**What you need to do**
Only the lines from the one containing "The Suma rinse" to the end of the records belong in the answer; repeat them exactly and drop the pictures.
─── Source records ───
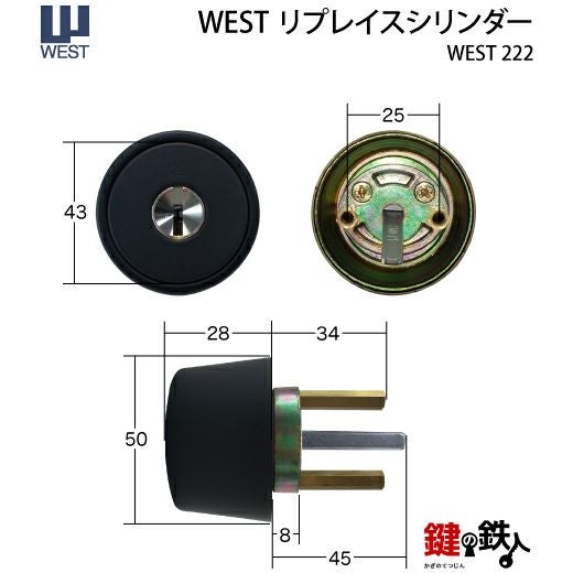 WEST リプレイスシリンダー5250用 鍵(カギ) 取替え 交換シリンダー(WEST-222)
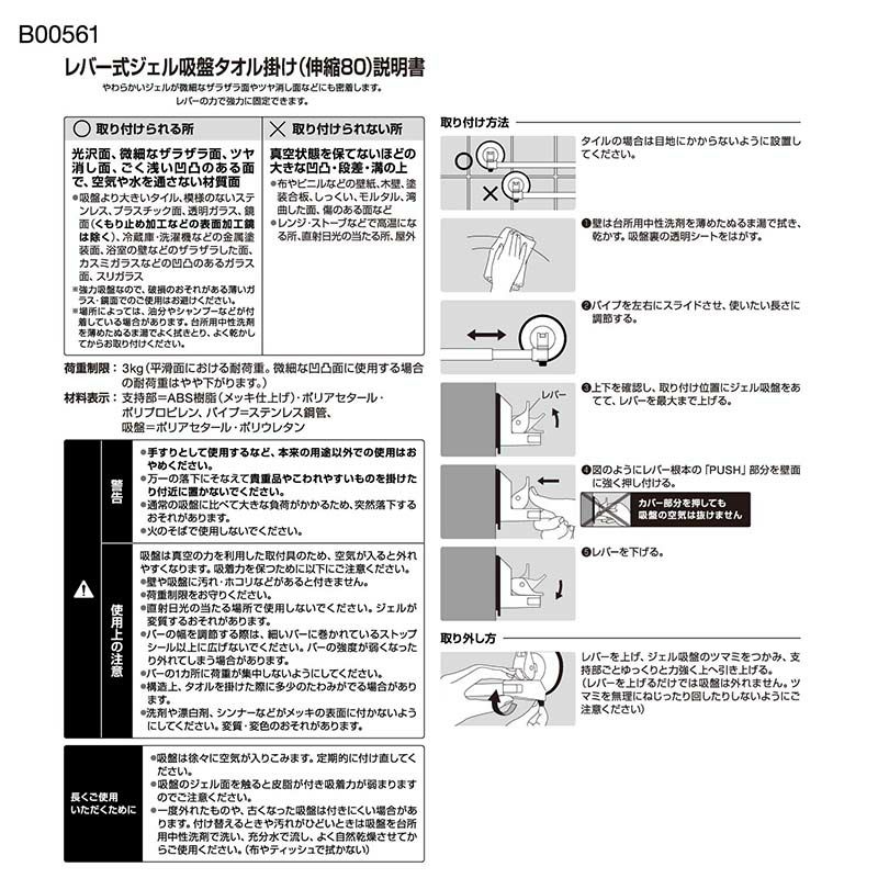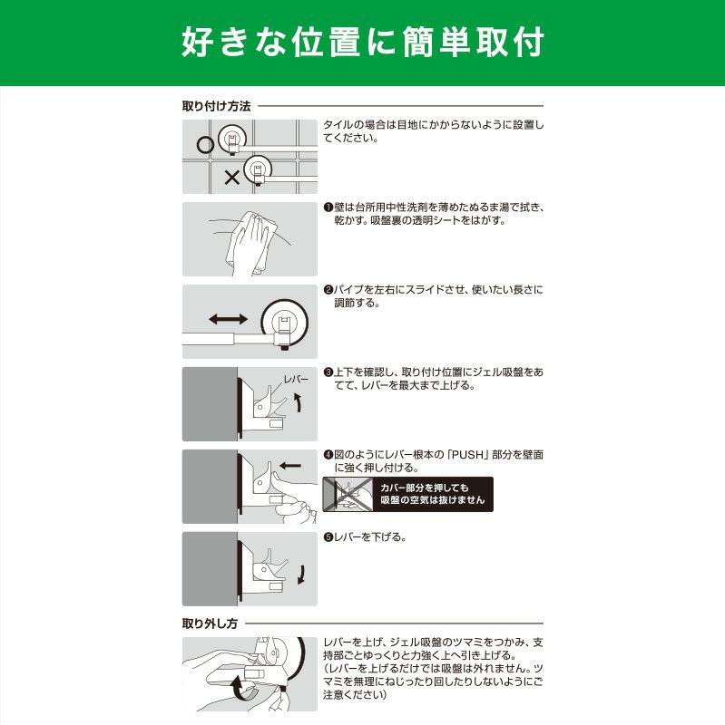 ※場所によっては、油分やシャンプーなどが付着している場合があります。台所用洗剤を薄めたぬるま湯でよく洗い、よく乾かしてからお取り付けください。
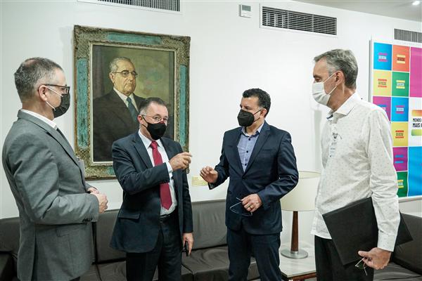 O presidente da Frente Parlamentar Brasil-China no RS, deputado estadual Jeferson Fernandes (PT), o presidente da Câmara de Comércio Brasil-China Sul, Paulo Tigre, e o empresário Jorge Burmann, da Burmann Alimentos, estiveram reunidos com o presidente do Legislativo gaúcho, deputado Valdeci Oliveira (PT). O encontro, que ocorreu na manhã desta quarta-feira (23), foi proposto por Jeferson para selar uma parceria entre o grupo, que busca a ampliação dos intercâmbios culturais e econômicos entre RS e China, e a nova presidência da Casa, ocupada pelo petista desde janeiro passado.
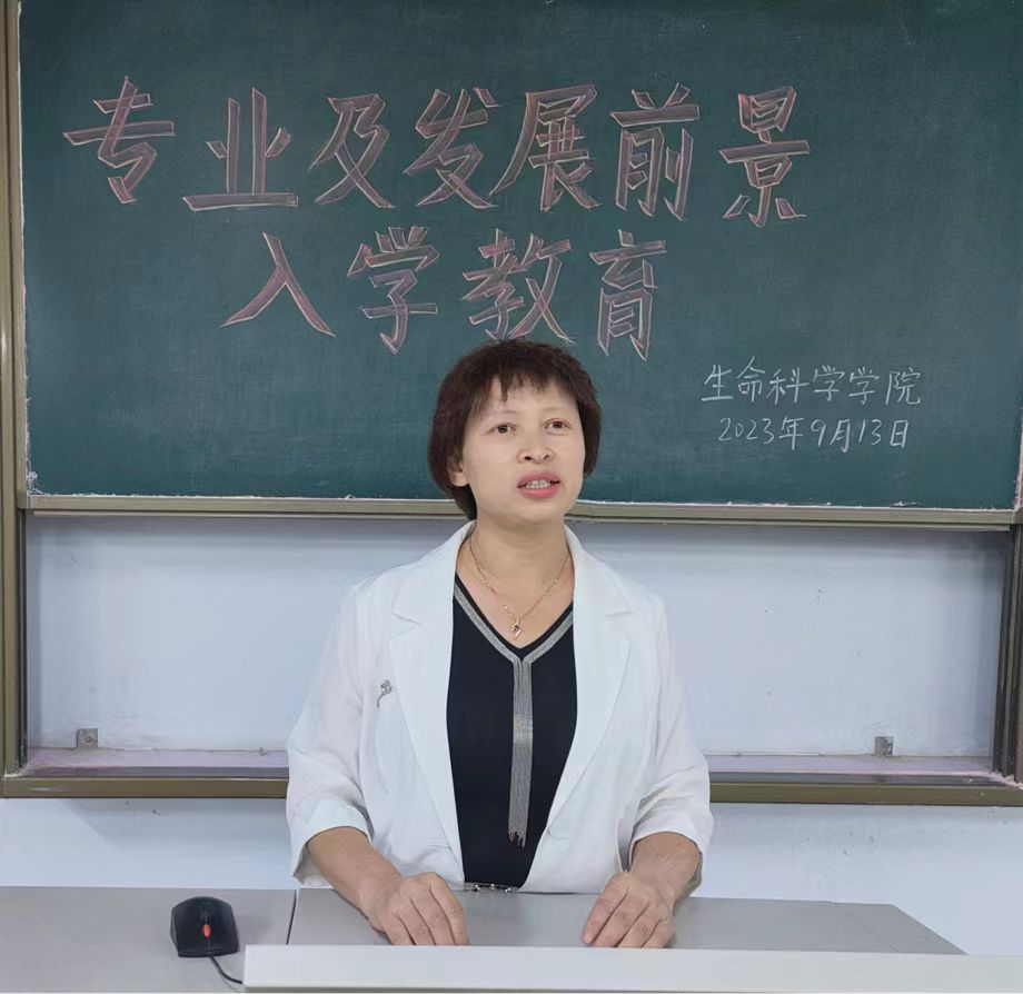 9月13日晚,我院生物信息学专业系主任张红梅于求实楼0116教室,为2023级新生开展入学教育。
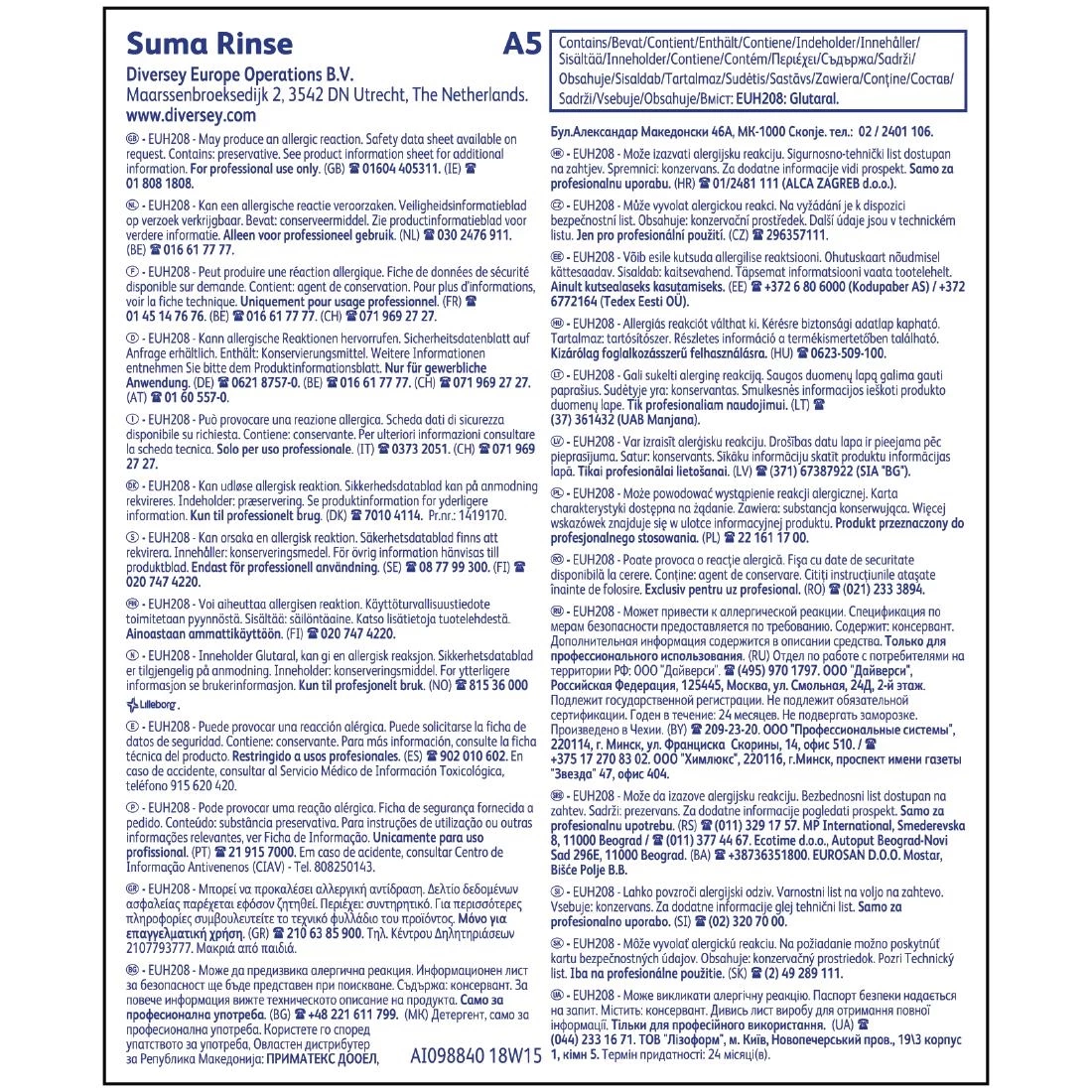The Suma rinse aid is normally distributed via Diversey dispensing equipment, but can also be used with integral dosing pumps in places where they are fitted.
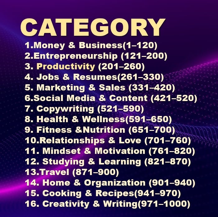 Transform your life with 1,000 ready-to-use AI & ChatGPT prompts designed for entrepreneurs, coaches, creators, and digital businesses.
───
**Exercise response**
The Suma rinse aid is normally distributed via Diversey dispensing equipment, but can also be used with integral dosing pumps in places where they are fitted.
 Transform your life with 1,000 ready-to-use AI & ChatGPT prompts designed for entrepreneurs, coaches, creators, and digital businesses.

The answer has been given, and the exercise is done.